One of the inconvenient consequences of this provision is that from time to time courts strike down legislation or parts of legislation, and this presumption operates to bring the rest of the legislation crashing down with the particular provision that might have been found invalid by a court. One example of this quite recently for the ACT was the High Court decision in Capital Duplicators v. the ACT, in which the High Court invalidated an ACT law, or at least part of a law, declaring that the Business Franchise ("X" Videos) Act 1990 was an excise and therefore ultra vires the ACT Legislative Assembly. In cases such as this it is obviously undesirable that schemes which are capable of independent operation, apart from particular provisions which are identified by the court as being for various reasons unable to stand, should themselves collapse for the same reason.

This Bill will provide that an assumption should be created that an invalid provision of a Bill should be excised from that Bill. It should not be necessary for a whole Bill to collapse if a part which is bad can be removed from it without destroying the integrity of the rest of the Bill. It is inconvenient, obviously, for Acts of the Assembly to be struck down in this way and thus perhaps putting us in a position where, for example, legislation has been invalidly passed and requiring us to consider retrospective legislation, which we all abhor. This Bill allows for that excision.

It is necessary, however, I would submit, for the Government to review legislation very carefully, as quickly as possible after it has come under the scrutiny of a court which might have ruled a particular part of it to be invalid. Obviously, it will be up to the court to decide whether the particular provisions can be excised or not. That might be a process which leaves the Government in an inconvenient position. We should therefore make sure that we quickly examine legislation after such scrutiny by courts to see whether it should be rejigged, that is, through amendments or passage in a different form, so that we have the legislation in the form which is intended by the Assembly, not what is intended by a court which may have looked at it.

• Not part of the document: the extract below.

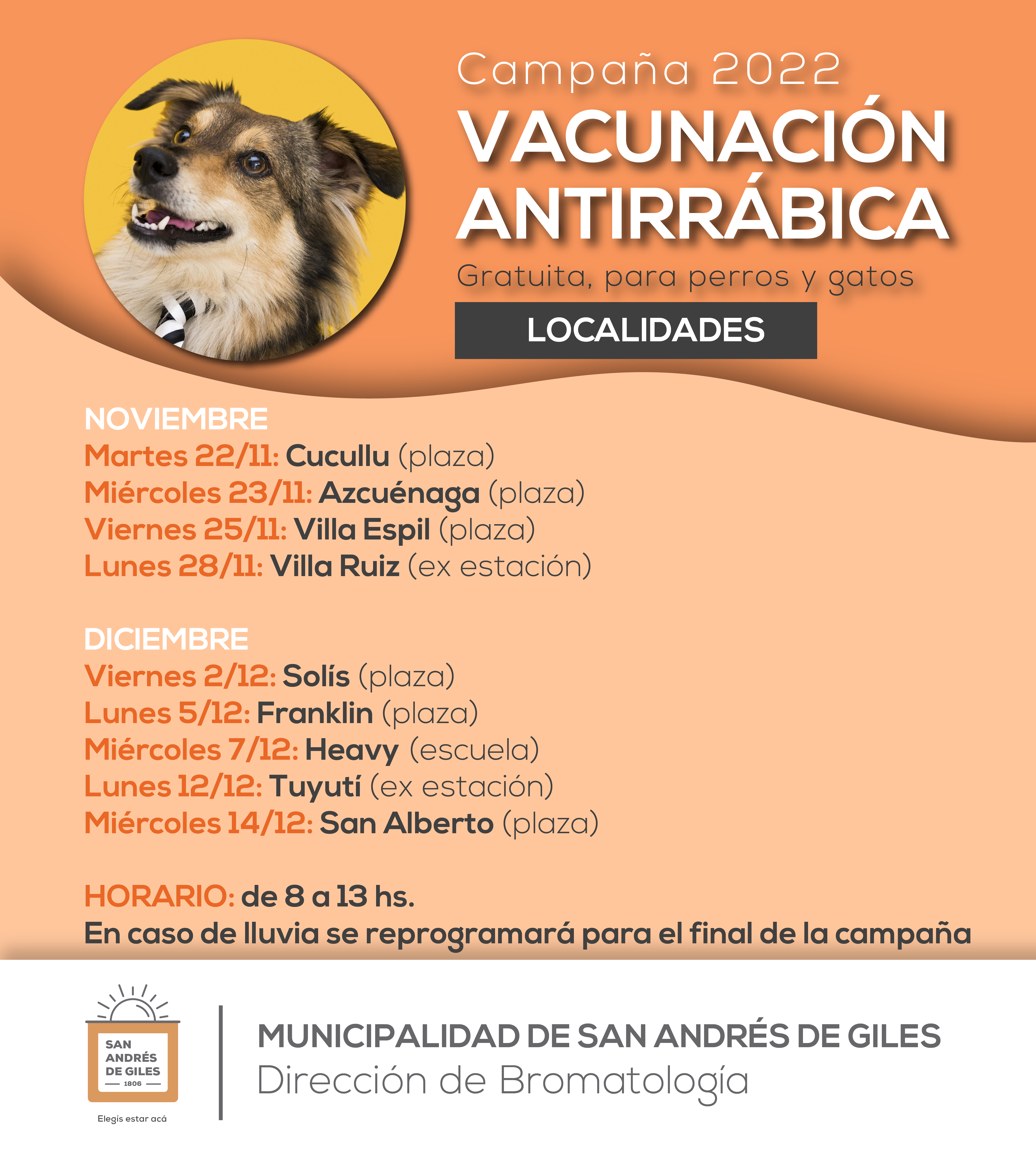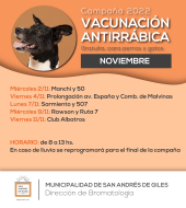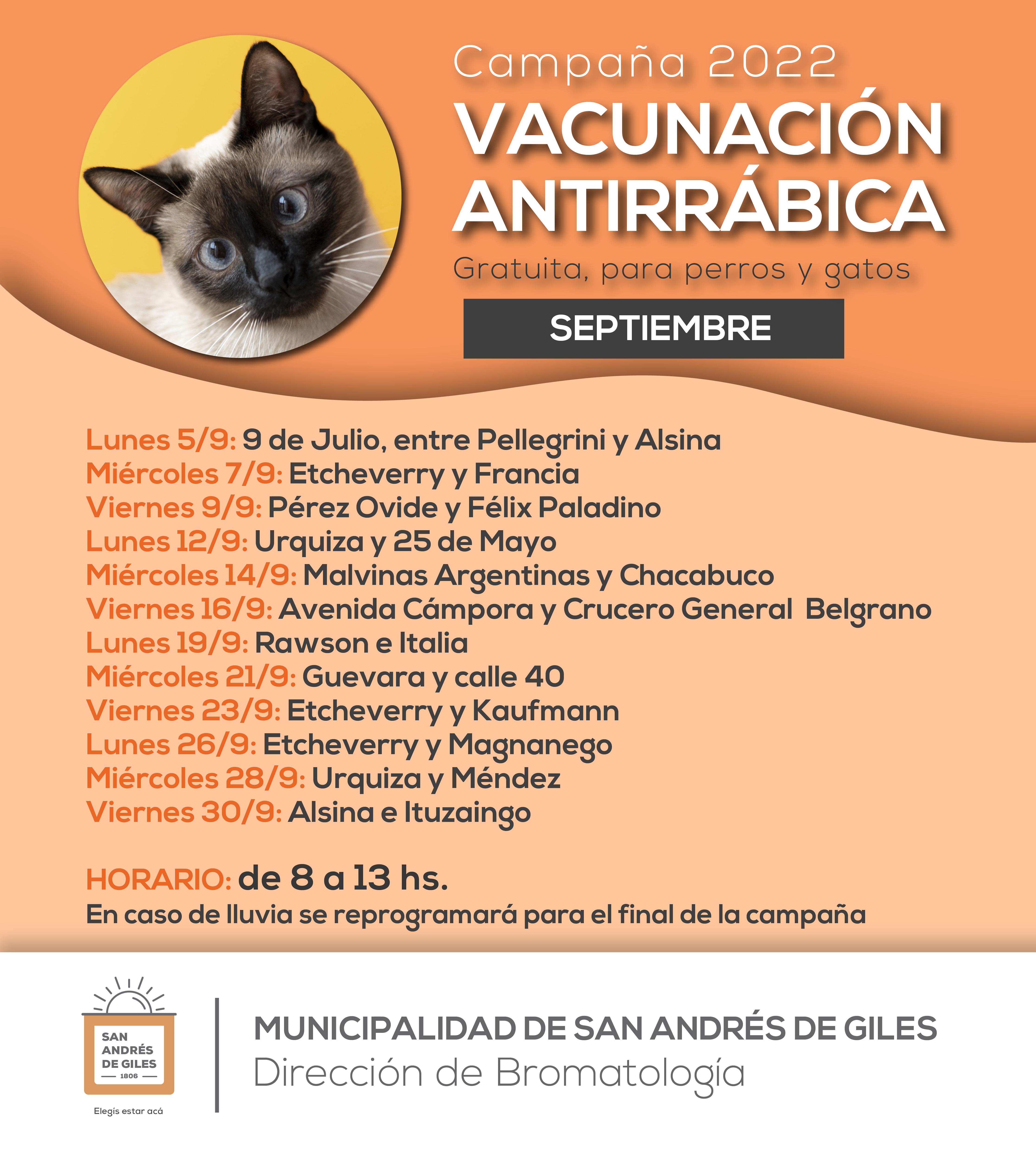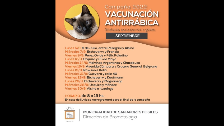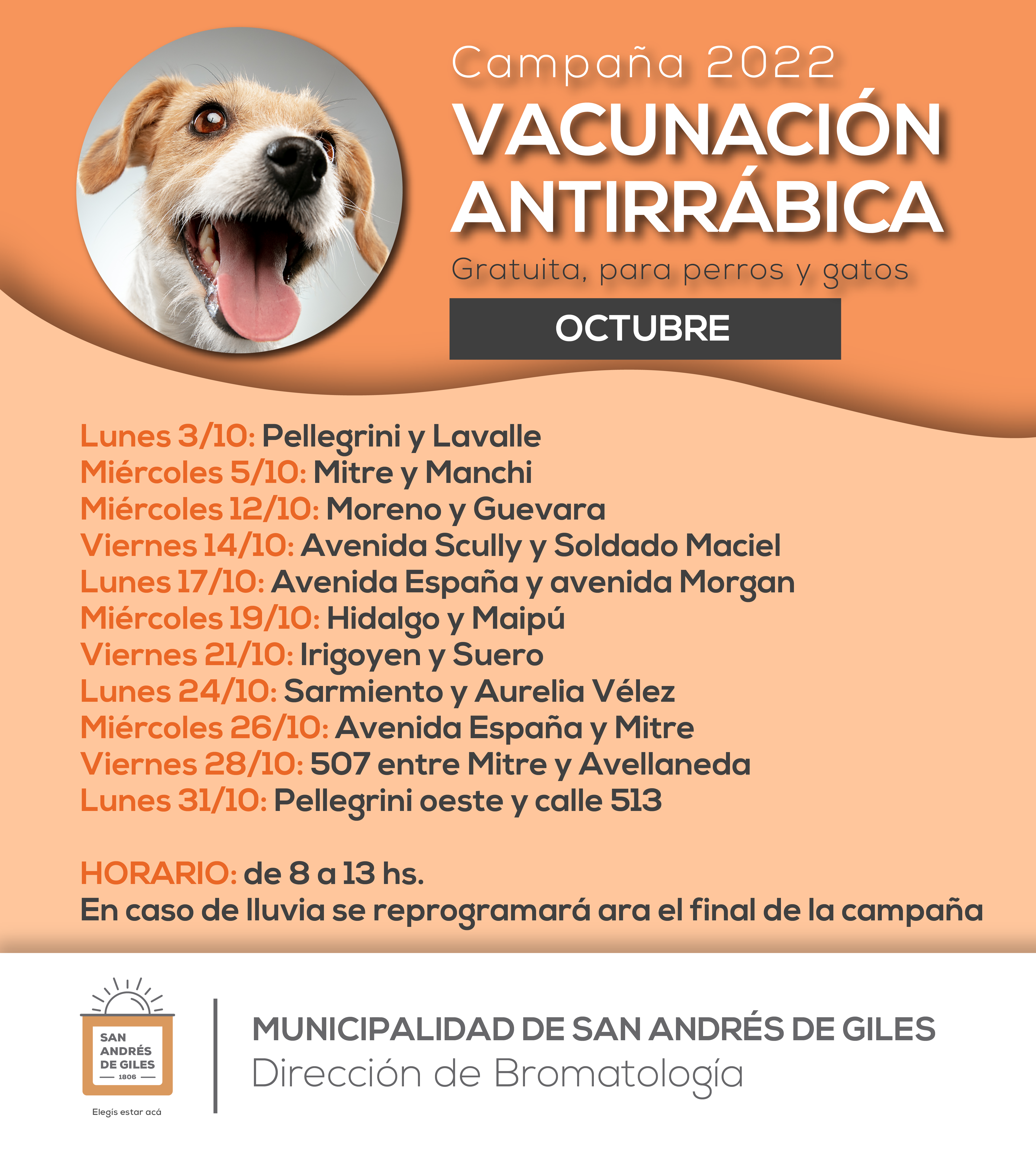 Dirección Municipal de Bromatología: fechas programadas para la Campaña de Vacunación Antirrábica gratuita 2022 para perros y gatos.

MR CONNOLLY (Attorney-General, Minister for Housing and Community Services and Minister for Urban Services) (8.50), in reply: I thank the Opposition for their support for this measure. We actually did some delving into the annals to try to find why the ACT did not have this provision in its original Interpretation Act. It has been a feature of the Commonwealth Interpretation Act from 1901 and it has been a feature of every State Interpretation Act. The law in relation to severability is a standard part of a constitutional law course in every Australian university. Every law student is taught about severability and the importance of severability provisions, and nobody could recall why a severability provision was not inserted in the original ACT Interpretation Act. It seemed to have been a policy oversight when self-government was being established. It is an important provision to have in.